Domestic Violence: Safety TipsThe following are safety tips for victims of Domestic Violence.
If you refuse to leave your abuser:
- Find a safe place to go to. If possible, leave the area immediately. DO NOT run to rooms that have weapons in them (such as the kitchen) or into rooms that do not have an exit (such as a bathroom or closet).
- Call the police as soon as possible.
- Make an emergency kit. This kit should include important papers (birth certificates, social security cards, medical information), an emergency credit card, money, change for a pay phone, checkbook, clothes for you and your children, and (if necessary) formula for an infant.
- Memorize all important telephone numbers.
- Talk with close family and friends. Come up with a word that if you use they will know to call for help.
- Remember, you are important and special. No one deserves to live in fear or violence.
- Change ALL of your phone numbers.
- Get caller ID so that you will know who is calling and so that you have a record of who has called.
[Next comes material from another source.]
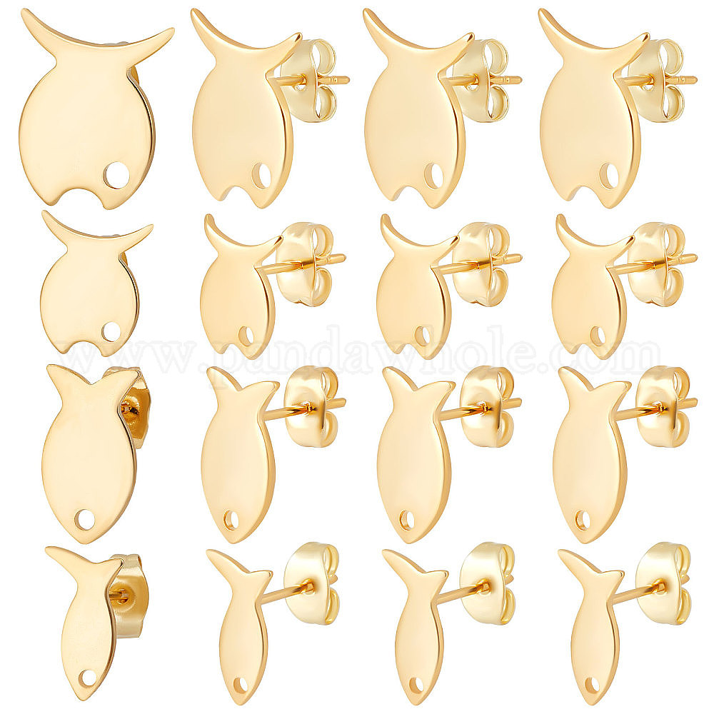 • Настоящее золото 24K 80 шт 4 стиль 201 серьги-гвоздики из нержавеющей стали, с отверстием и 304 штифтами из нержавеющей стали и ушными гайками, рыба, реальный 24 k позолоченный, 10.5~15x6.5~12.5 мм, отверстие : 1.2~1.8 мм, штифты : 0.8 мм, 20 шт / стиль
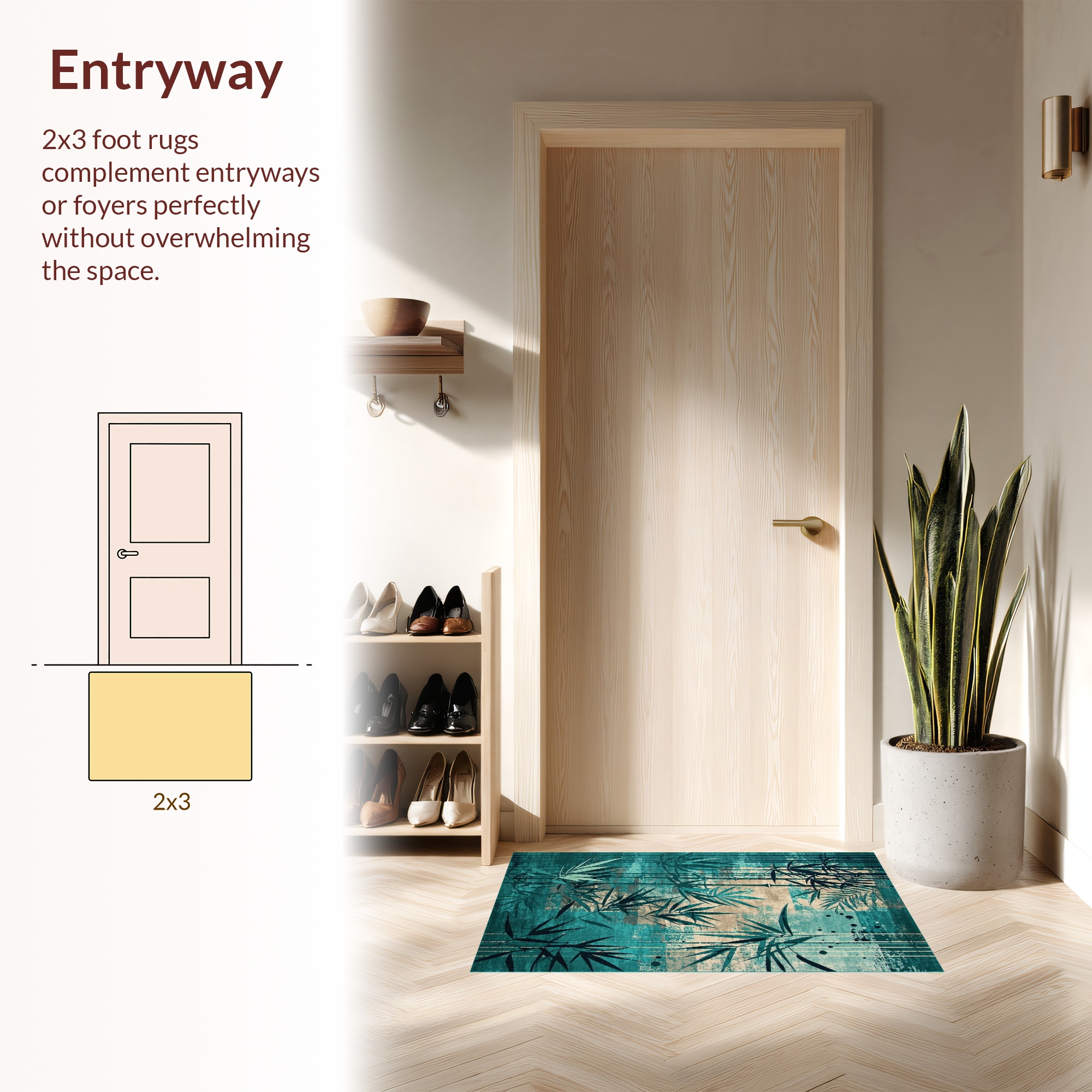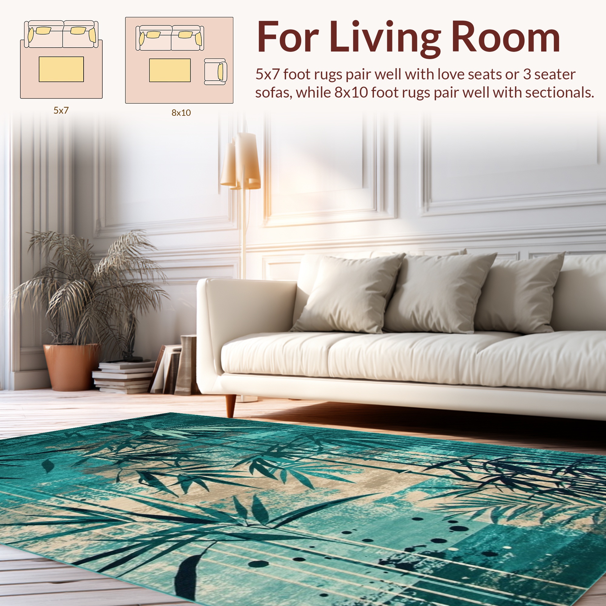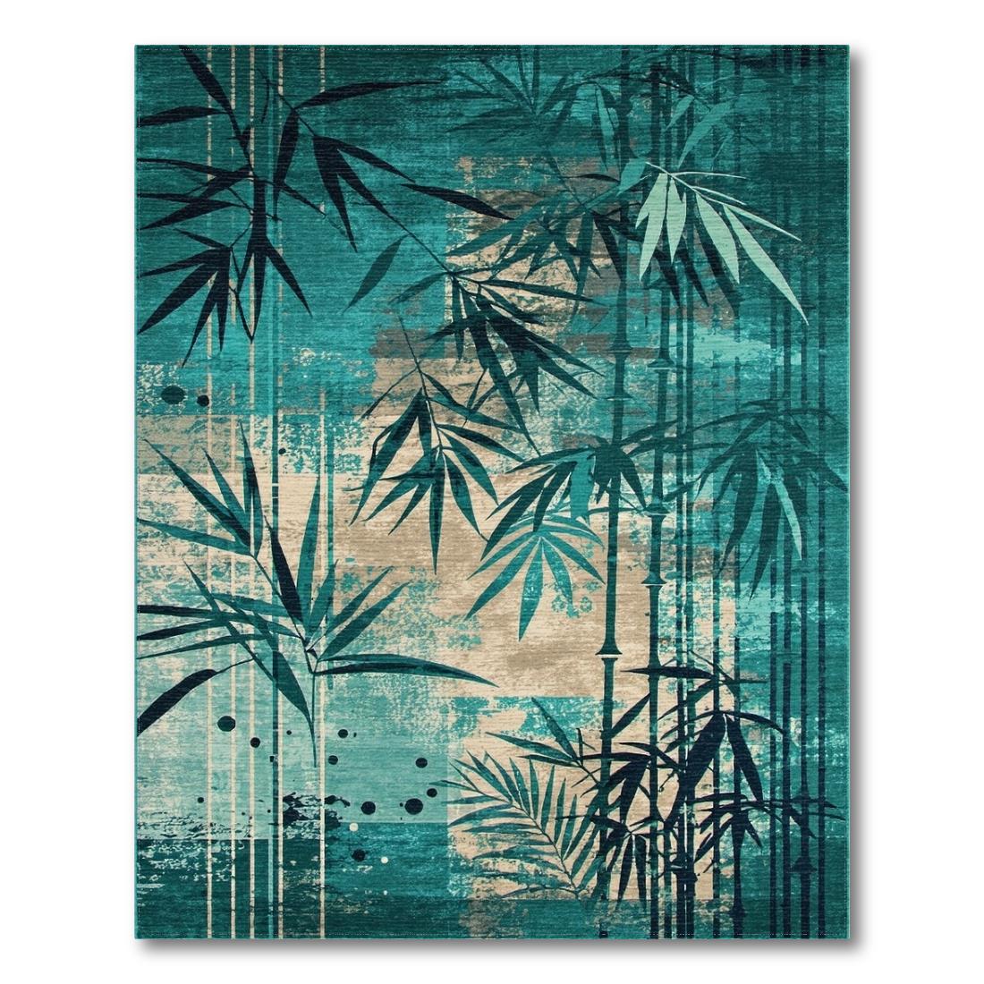 Teal Bamboo Leaf Serene Rug

- Save and document all contacts, messages, injuries, or other incidents involving the batterer.
- Change the locks if the batterer has a key.
- Avoid staying alone. If this is not possible, please let someone close to you know where you will be at and when to expect you back. If you have not called or returned, have them notify the police.
- Have an escape route planned at your house.
- If you have to meet your former partner, do so in a public place, and let numerous people know about the meeting. Try not to go alone.
- Try not to take the same route to school and work everyday. Try not to settle into a routine. Notify school, work, and childcare centers about your situation.
- Call a domestic violence program for battered women for information, legal referrals, and support.
- If you leave the relationship, or are thinking of leaving, take important papers and documents with you to enable you to apply for benefits or take legal action. Important papers you should take include social security cards and birth certificates for you and your children, your marriage license, leases or deeds in your name or both your and your partner's names, your checkbook, your charge cards, bank and charge account statements, insurance policies, proof of income for you and your partner (pay stubs or W-2's), and any documents of past incidents of abuse (photos, police reports, medical records, etc.).